2. Castelo de Himeji, Hyogo: A Garça Branca no Céu

Himeji Castle

O Castelo de Himeji, com suas paredes brancas imponentes, é um ícone do Japão feudal. Conhecido como “Castelo da Garça Branca”, sua arquitetura impressiona pela mistura de beleza e funcionalidade militar. A fortaleza, que serviu de inspiração para os castelos de “Shōgun”, exemplifica a engenharia da época, com passagens secretas e defesas multilayer. Presente em inúmeras produções cinematográficas, como “O Último Samurai”, o Castelo de Himeji não é apenas um símbolo histórico, mas também um ícone cultural, sempre presente nas grandes narrativas sobre o Japão.

3. Castelo de Nagoya, Aichi: O Lar do Shachihoko Dourado

Nagoya Castle

Tokugawa Ieyasu, o shogun que unificou o Japão, ordenou a construção do Castelo de Nagoya. Seus muros altos e as decorações douradas são um testemunho da opulência e do poder da classe dominante da época. As figuras míticas de shachihoko (carpas com cabeça de tigre) que adornam o castelo simbolizam proteção contra incêndios e a grandiosidade do período samurai. Embora o castelo tenha sido destruído na Segunda Guerra Mundial, sua reconstrução cuidadosa permite que os visitantes vivenciem a majestade original.

4. Castelo de Matsumoto, Nagano: O Corvo Negro da Guerra

Matsumoto Castle

Conhecido como “Castelo do Corvo” por suas paredes negras, o Castelo de Matsumoto é um dos poucos castelos de planície ainda existentes no Japão. Seu design austero, com passagens secretas e uma sala de observação da lua, mostra a dualidade da vida samurai, onde a brutalidade da guerra coexistia com a apreciação da poesia e da natureza. A obra de Clavell reflete essa tensão entre guerra e paz, que é um tema central na cultura samurai.

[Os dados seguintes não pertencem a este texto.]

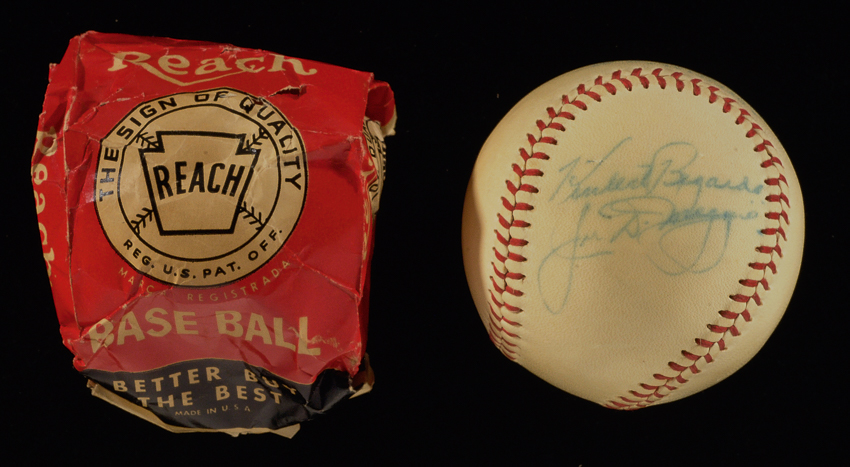 Description:Choice Joe DiMaggio vintage single signed baseball c.1950s. Reach W.Harridge Official American League baseball has been signed on the side panel, "Kindest Regards, Joe DiMaggio." The signature, done in ink, rates 7-7/8 out of 10. Ball displays light even toning with well defined stampings. Outstanding and early example. Includes original Reach bag (GD) and auction LOA from JSA: EX/MT-NM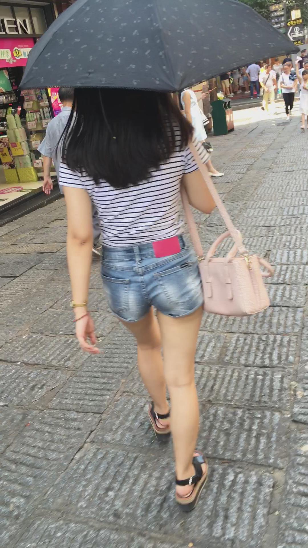 撑伞逛街的牛仔热裤美腿小清新美女。 编号4625 |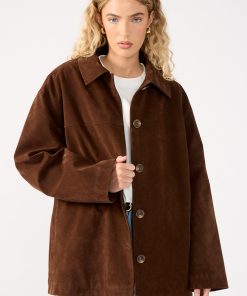 Women’s Outerwear Perfect Stranger Raven Pu Suede Long Line Jacket Brown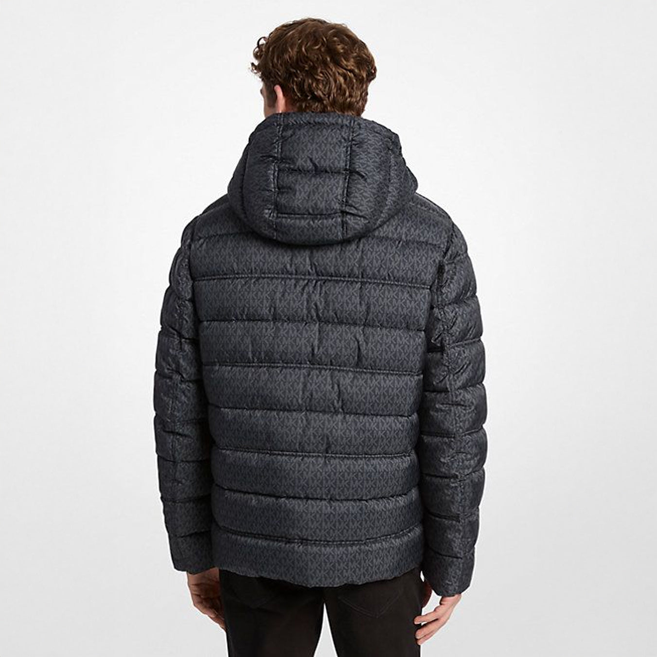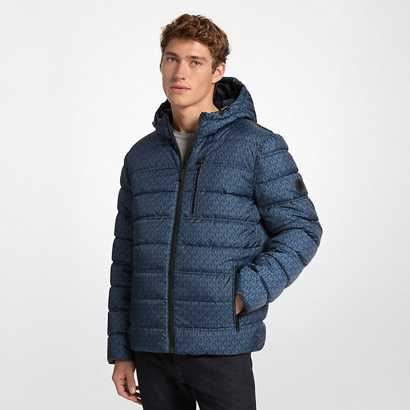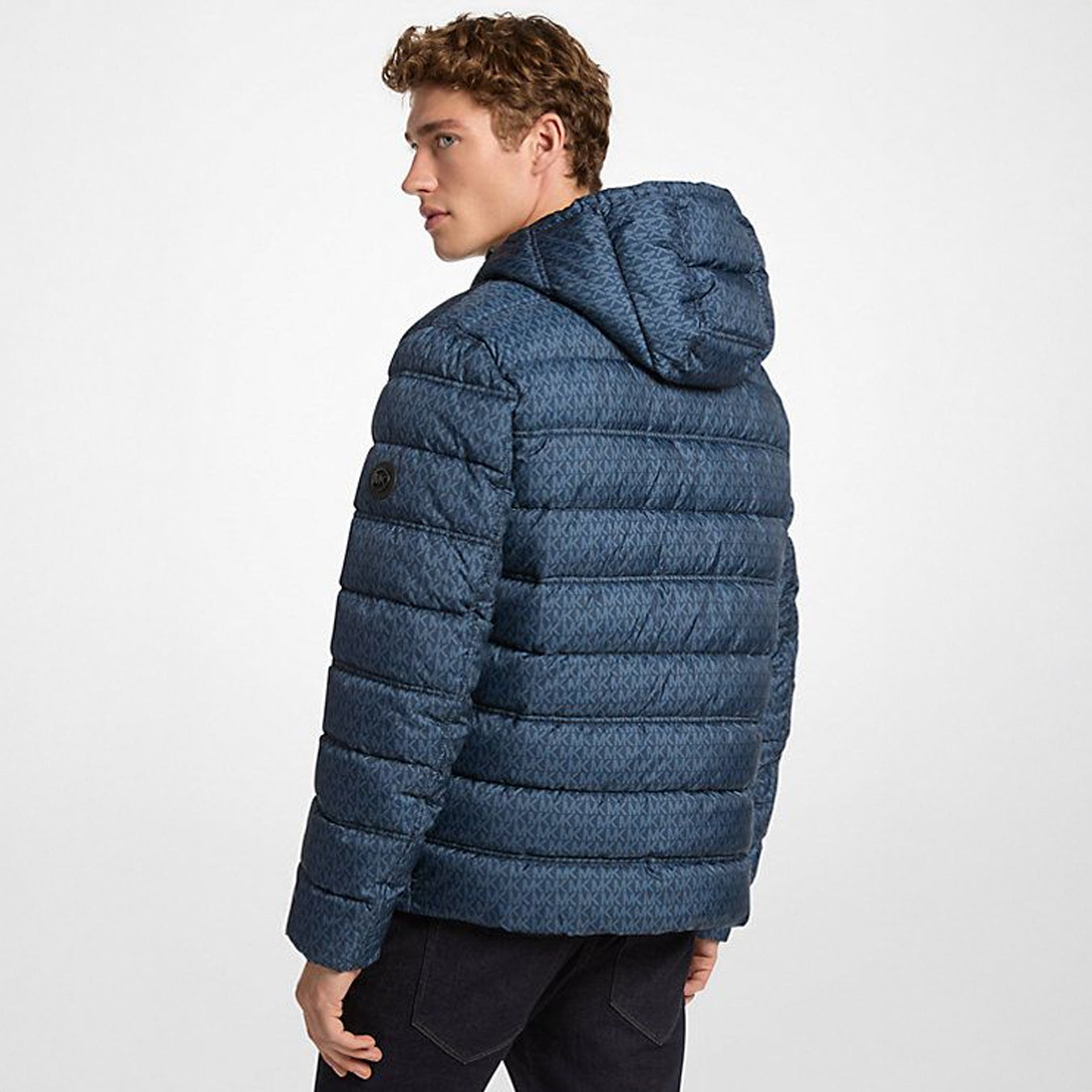 The durable, quilted fabric is covered in the subtle, all-over MK signature logo print in a rich blue/navy tone on one side, and midnight solid color on the reverse. It features a hood, a full zip closure, and practical side pockets. Whether you're commuting or heading out for the weekend, this puffer ensures you look sharp and feel comfortable.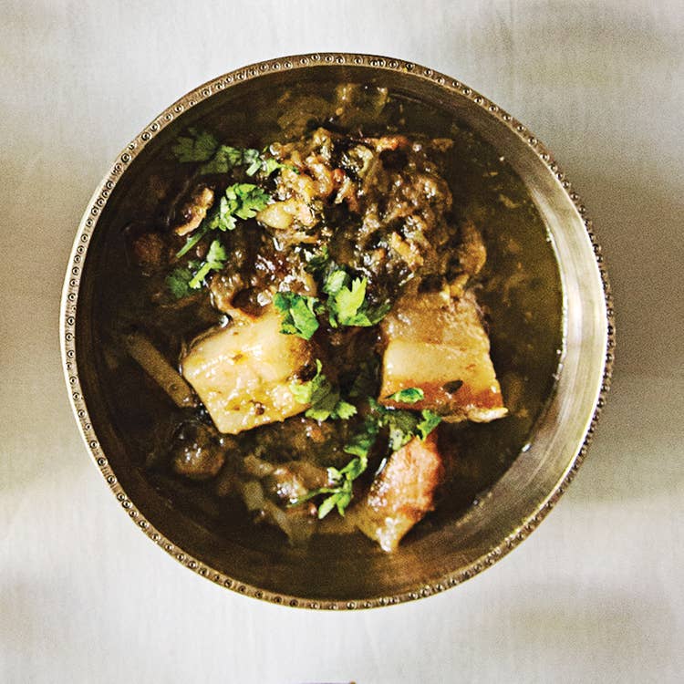 India's northeastern states are a world apart from the rest of the country. Connected to the subcontinent by a mere thread of land, their kinship with bordering Bhutan, China, and Myanmar is reflected in the cuisine. Cooks rely on ingredients like black sesame paste and salty fermented foods, and pork and bamboo feature prominently. One example is this braised pork belly from cookbook author Jyoti Das, inspired by an Assamese tribal dish. Spiced with Thai chiles, garlic, ginger, and turmeric, it first appeared in our August/September 2014 special India issue with Jyoti Das' story Eating in Tea Country.

5. Museu Edo-Tokyo, Tóquio: Onde Passado e Presente se Encontram

Edo-Tokyo Museum

Embora não seja uma fortaleza, o Museu Edo-Tokyo oferece uma visão essencial do Japão feudal e da era dos shoguns. Através de exposições interativas, o visitante pode vivenciar a vida no período Edo, quando Tóquio ainda era conhecida como Edo, o centro do poder shogunal. A série “Shōgun” explora esse período vibrante, e o museu permite que compreendamos melhor o contexto histórico que moldou essa era, repleta de intrigas políticas e mudanças culturais.

Esses cinco locais não apenas inspiraram a série “Shōgun”, mas também oferecem uma janela para a rica e complexa história dos samurais e da sociedade japonesa durante o período feudal. Para os fãs da série e os entusiastas da história, essas visitas são uma oportunidade de conectar-se diretamente com o passado que continua a influenciar as narrativas contemporâneas.